Orca is an international public company engaged in natural gas exploration, development and supply in Tanzania, oil exploration in Italy and the acquisition of an additional new oil exploration opportunity in another proven hydrocarbon basin. Orca trades on the TSXV under the trading symbols ORC.B and ORC.A. For further information please contact:

W. David Lyons, Chairman and CEO
+44-7717-100-200
wdlyons@orcaenergygroup.com
Nigel A. Friend, CFO
+255 (0)22 2138737
wdlyons@orcaenergygroup.com

Note Regarding Forward Looking Statements

This document contains forward-looking statements. More particularly, this document contains statements concerning the proceeds to be realized from the Rights Offering and the use of proceeds therefrom.

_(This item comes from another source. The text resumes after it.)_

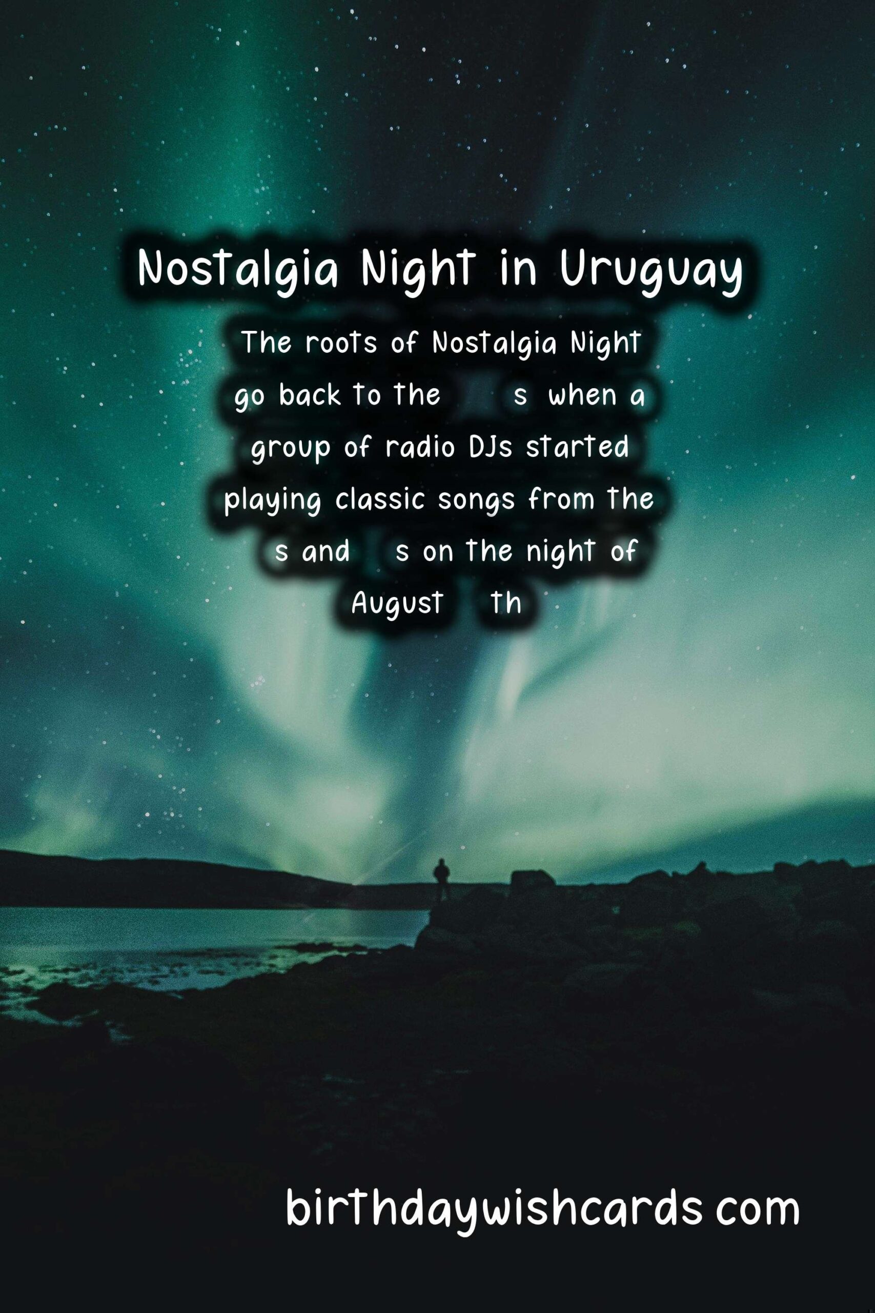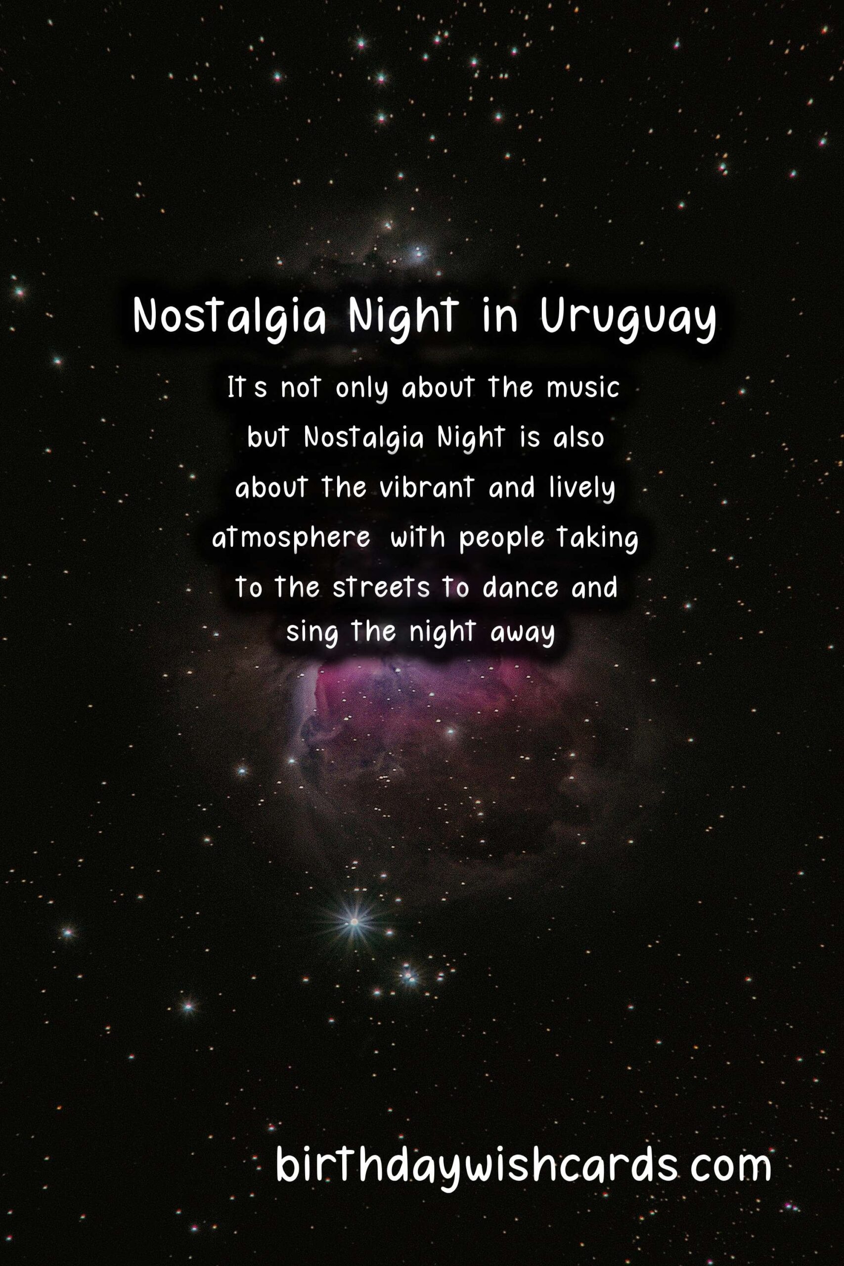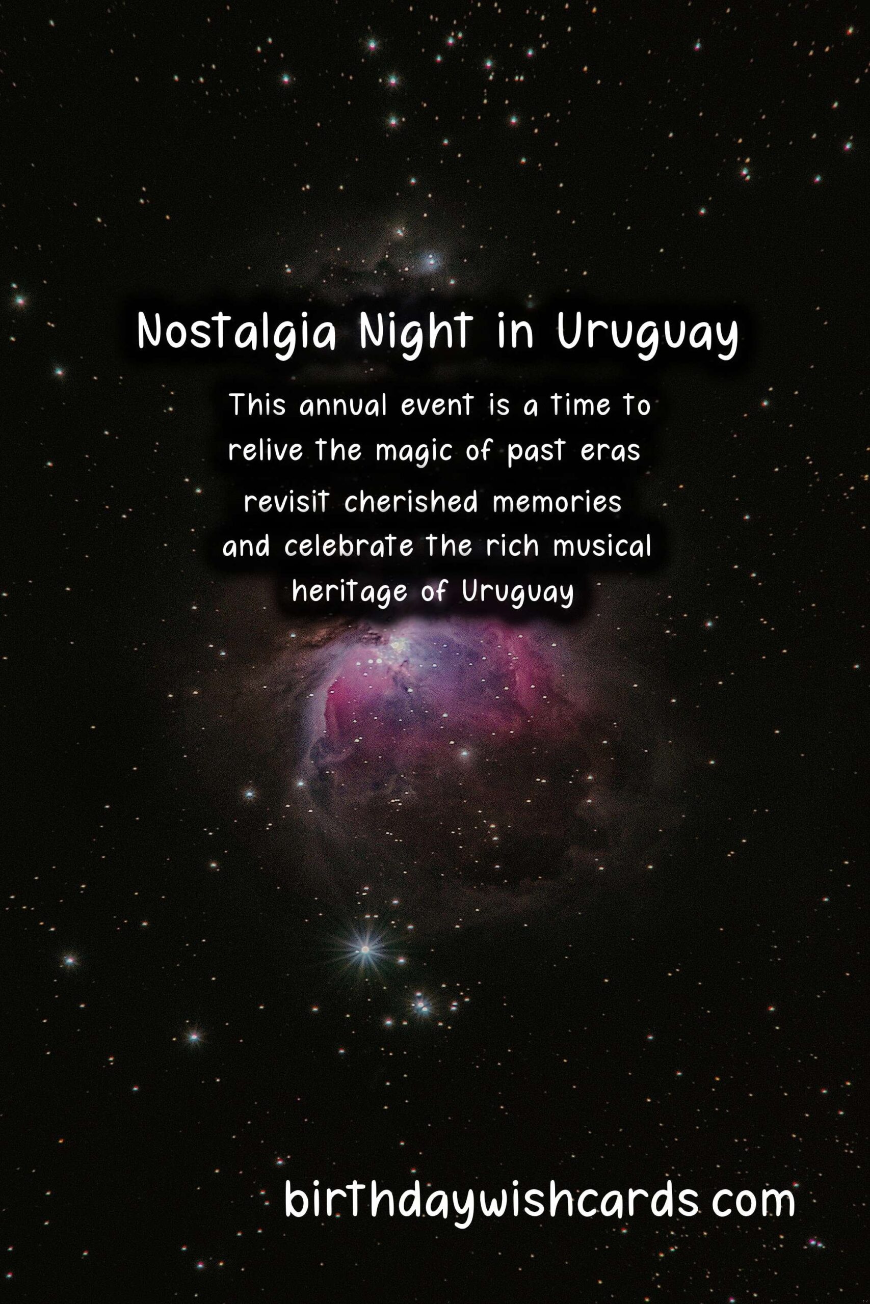 Nostalgia Night (Noche de la Nostalgia) is a beloved Uruguayan tradition celebrated on the 24th of August every year. This annual event is a time to relive the magic of past eras, revisit cherished memories, and celebrate the rich musical heritage of Uruguay. The roots of Nostalgia Night go back to the 1970s, when a group of radio DJs started playing classic songs from the 60s and 70s on the night of August 24th. From tango to rock and roll to traditional Uruguayan music, Nostalgia Night features a diverse range of genres and styles that are sure to bring back fond memories and emotions. It’s not only about the music, but Nostalgia Night is also about the vibrant and lively atmosphere, with people taking to the streets to dance and sing the night away. Many bars, restaurants, and clubs in Uruguay host Nostalgia Night parties, with special menus and drinks inspired by the past. Nostalgia Night is a great opportunity to dress up in retro fashion and spend the night with friends and loved ones, creating new memories to cherish in the years to come.

Although Orca believes that the expectations and assumptions on which the forward-looking statements are based are reasonable, undue reliance should not be placed on the forward-looking statements because Orca can give no assurance that they will prove to be correct. Since forward-looking statements address future events and conditions, by their very nature they involve inherent risks and uncertainties. Actual results could differ materially from those currently anticipated due to a number of factors and risks. These include, but are not limited to, risks that required regulatory and third party approvals and consents are not obtained on terms satisfactory to the parties or the board of directors of Orca determines that it would be in the best interests of Orca to deploy the proceeds for some other purpose.

The forward-looking statements contained in this press release are made as of the date hereof and Orca undertakes no obligation to update publicly or revise any forward-looking statements or information, whether as a result of new information, future events or otherwise, unless so required by applicable securities laws.

Neither the TSX Venture Exchange nor its Regulation Services Provider (as that term is defined in the policies of the TSX Venture Exchange) accepts responsibility for the adequacy or accuracy of this release.
Not for dissemination or distribution in the United States or to United States news wire services.